DATASET EXCERPT START

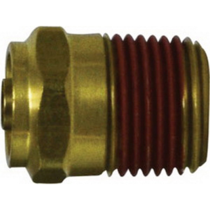 Midland Metals Connector, Connection Type 1: Push-to-Connect, Connection Size 1: 5/8 in, Connection Type 2: NPTF, Gender 2: Male, Connection Size 2: 3/8 in, 150 psi, Brass, Dimension Standards: SAE J1131, -40 to 200 deg F
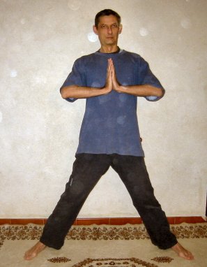 Il faut démarrer debout les pieds très écartés, les mains jointes dans le geste Anjali Mudrâ :
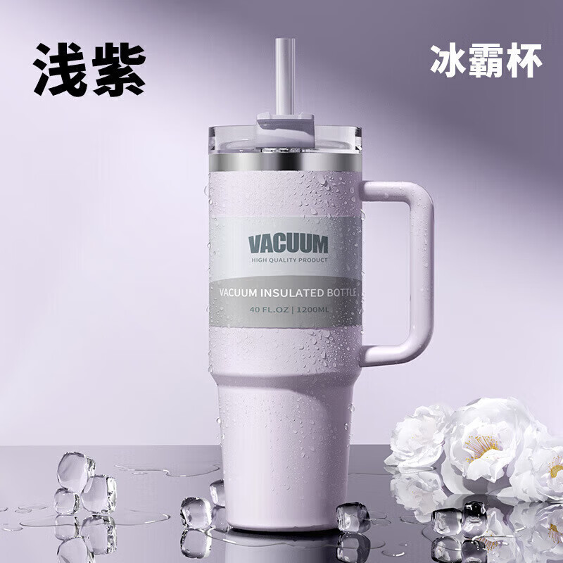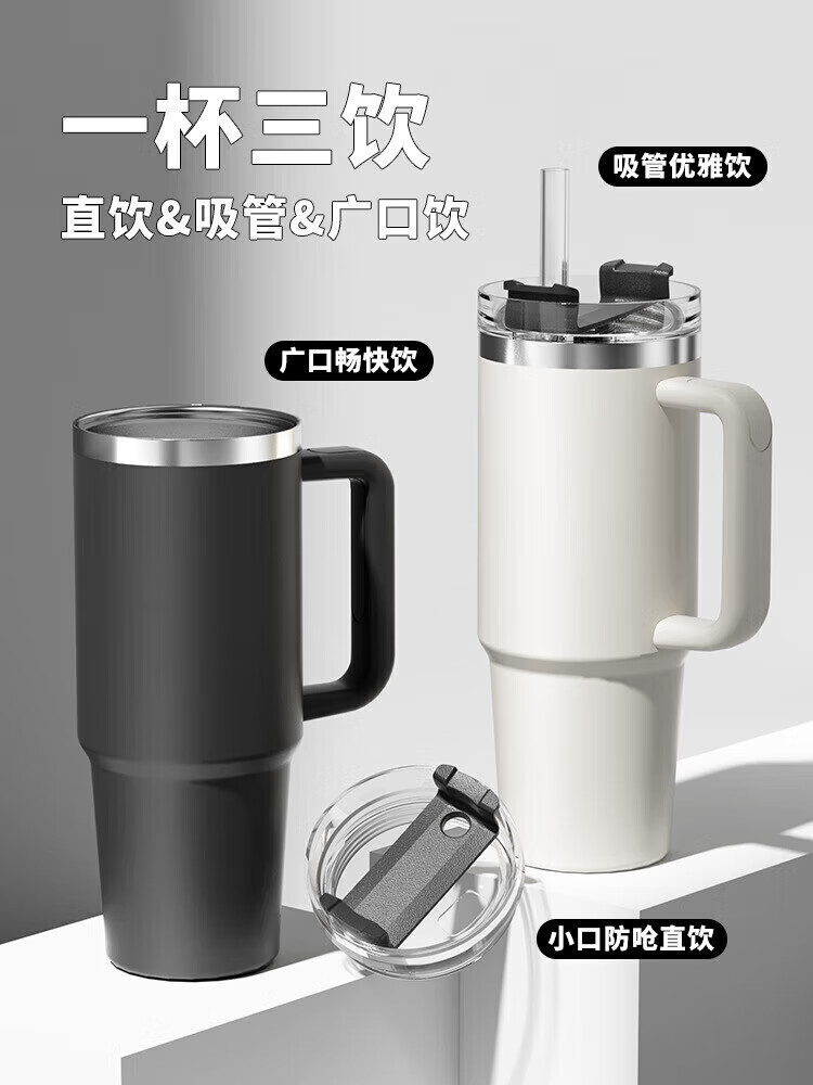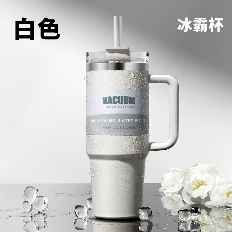 皇家洛克 ROYALLOCKE冰霸杯304不锈钢水杯咖啡杯保温杯保冷吸管随行便携杯子大容量 白色1200Ml

DATASET EXCERPT END

> **YOUR TASK**: Your answer must reproduce exactly the lines from the line with "Il faut démarrer" through the end of the material, both ends included, with every picture dropped.

> **THE ANSWER**:
 Il faut démarrer debout les pieds très écartés, les mains jointes dans le geste Anjali Mudrâ :
 皇家洛克 ROYALLOCKE冰霸杯304不锈钢水杯咖啡杯保温杯保冷吸管随行便携杯子大容量 白色1200Ml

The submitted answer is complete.